### INPUT MATERIAL

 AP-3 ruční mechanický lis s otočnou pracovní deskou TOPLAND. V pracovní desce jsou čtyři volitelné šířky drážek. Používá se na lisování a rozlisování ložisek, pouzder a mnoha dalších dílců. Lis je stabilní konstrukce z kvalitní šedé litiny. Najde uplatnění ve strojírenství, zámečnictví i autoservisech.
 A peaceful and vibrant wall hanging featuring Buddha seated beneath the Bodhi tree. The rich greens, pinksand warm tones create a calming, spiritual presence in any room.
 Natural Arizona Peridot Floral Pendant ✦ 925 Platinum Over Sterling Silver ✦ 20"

######
### INPUT MATERIAL

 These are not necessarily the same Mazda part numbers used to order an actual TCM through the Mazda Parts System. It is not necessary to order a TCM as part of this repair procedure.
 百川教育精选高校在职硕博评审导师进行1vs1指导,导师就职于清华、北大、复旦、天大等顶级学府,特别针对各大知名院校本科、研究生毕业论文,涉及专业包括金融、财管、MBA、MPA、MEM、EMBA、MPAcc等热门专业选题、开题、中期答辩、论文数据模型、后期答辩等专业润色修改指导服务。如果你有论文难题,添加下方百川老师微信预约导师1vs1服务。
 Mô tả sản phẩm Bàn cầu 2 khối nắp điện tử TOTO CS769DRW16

######
### INPUT MATERIAL

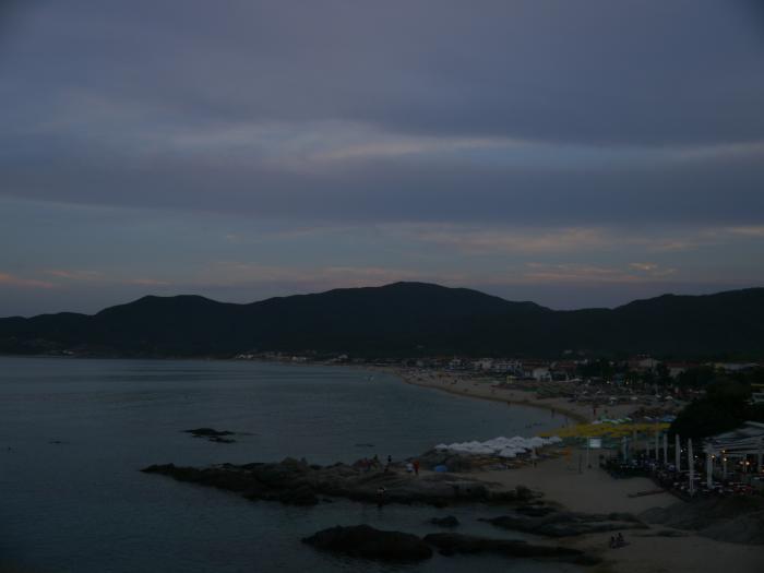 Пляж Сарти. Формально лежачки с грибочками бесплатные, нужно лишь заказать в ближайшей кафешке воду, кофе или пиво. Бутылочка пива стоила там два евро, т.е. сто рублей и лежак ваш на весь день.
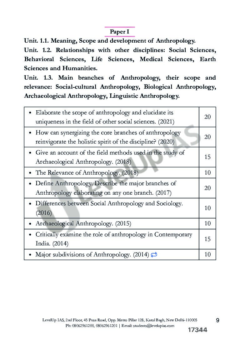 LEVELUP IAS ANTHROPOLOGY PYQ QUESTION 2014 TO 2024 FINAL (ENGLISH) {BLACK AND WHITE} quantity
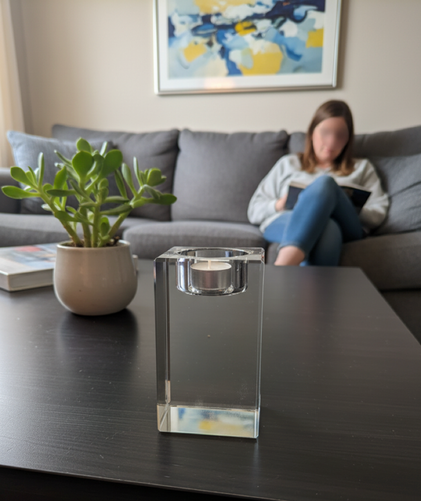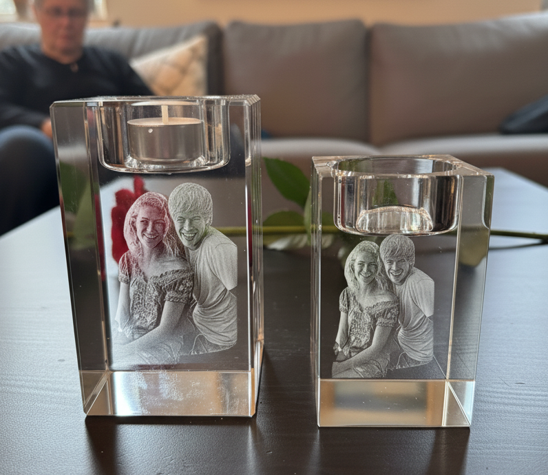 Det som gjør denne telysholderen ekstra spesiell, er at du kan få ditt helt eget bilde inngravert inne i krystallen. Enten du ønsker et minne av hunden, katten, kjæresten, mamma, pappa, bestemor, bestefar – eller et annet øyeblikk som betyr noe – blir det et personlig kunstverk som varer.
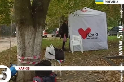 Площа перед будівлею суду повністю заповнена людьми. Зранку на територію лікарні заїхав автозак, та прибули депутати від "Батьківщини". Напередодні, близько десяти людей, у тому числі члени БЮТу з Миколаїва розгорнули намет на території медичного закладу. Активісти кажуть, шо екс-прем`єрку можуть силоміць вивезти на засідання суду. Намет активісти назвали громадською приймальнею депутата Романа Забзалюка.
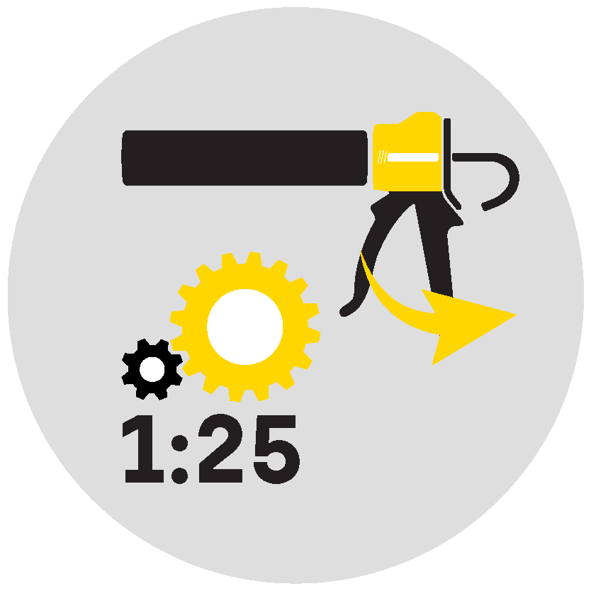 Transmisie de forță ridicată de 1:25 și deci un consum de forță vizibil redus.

######

• [TASK DETAILS]: Although the records hold pictures, the copy must not; give again exactly the lines from the one with "Площа перед будівлею" through the one with "Transmisie de forță".

• [RESPONSE]:
 Площа перед будівлею суду повністю заповнена людьми. Зранку на територію лікарні заїхав автозак, та прибули депутати від "Батьківщини". Напередодні, близько десяти людей, у тому числі члени БЮТу з Миколаїва розгорнули намет на території медичного закладу. Активісти кажуть, шо екс-прем`єрку можуть силоміць вивезти на засідання суду. Намет активісти назвали громадською приймальнею депутата Романа Забзалюка.
 Transmisie de forță ridicată de 1:25 și deci un consum de forță vizibil redus.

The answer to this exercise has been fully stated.